Он вытащил пистолет, запалил от факела фитиль и осторожно подошел к лазу, держа оружие за спиной, чтобы снаружи не были видны искры. И тут он услышал, как от лаза отвалили камень и тот покатился вниз, а потом, осыпаясь, зашуршала земля.

— Кто же это может быть? — снова пробормотал араб. — Если это турок, войти ему я не дам, сразу успокою пулей в лоб.

Он притаился за камнями, как лев перед прыжком, не убирая пальца с курка.

Шум не стихал, и вниз опять покатились камни. Тот, кто пытался добраться до лаза, должен был очень осторожно подниматься по осыпи. Собирался ли он застать их врасплох, или это был вовсе не турок, а какой-нибудь несчастный христианин, знавший про каземат?

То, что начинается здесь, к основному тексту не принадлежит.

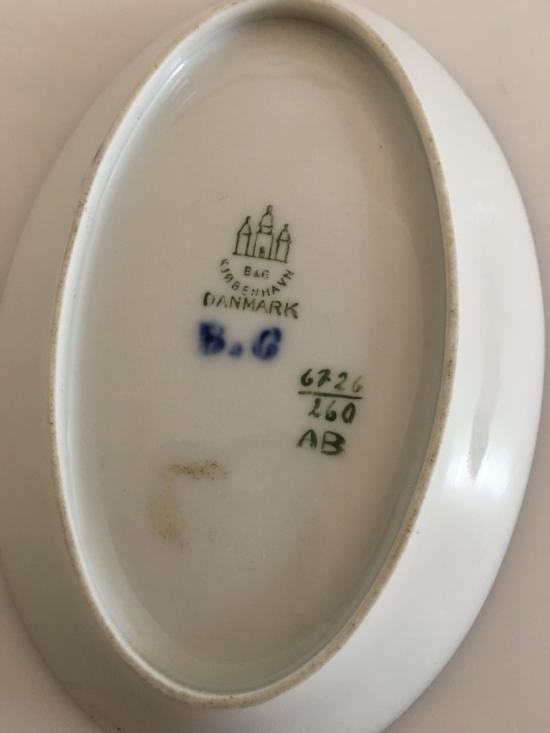 Bing & Grøndahl Lille Oval Skål med Blomstermotiv No. 6726/260. 13.5 x 9.2 cm. 1. Sortering fra 1915-1947. I pæn hel stand.

В сознание араба закралось сомнение.

— Ладно, подождем пока стрелять, — пробормотал он. — Так можно вместо врага прикончить друга.

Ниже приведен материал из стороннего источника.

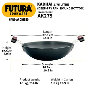 HAWKINS HARD ANODISED DEEP-FRY PAN (ROUND BOTTOM) 2.75 LITRE

Незнакомец поднялся по осыпи, довольно быстро оказался возле лаза и принялся осторожно откатывать камни, закрывавшие его.

В проеме показалась чья-то голова.

Эль-Кадур направил на незнакомца пистолет:

— Ты кто? Говори, иначе выстрелю!

— Подожди стрелять, Эль-Кадур. Это я, Перпиньяно.

8

Эль-Кадур

В следующий миг лейтенант Капитана Темпесты, отвалив еще один тяжелый камень, пролез в каземат.

При свете факела стало ясно, что юноше сильно досталось.

Голова его была повязана каким-то лоскутом, почерневшим от крови и пороха, кольчуга изодрана в клочья, от сапог остались одни лохмотья, а от меча — обломок в три пальца длиной, окровавленный до самой рукояти.

За эти двенадцать или пятнадцать часов боя лицо его так осунулось, словно он неделю голодал.

— Это вы, синьор! — воскликнул араб. — Господи, на кого вы похожи!

— А Капитан? — озабоченно спросил лейтенант.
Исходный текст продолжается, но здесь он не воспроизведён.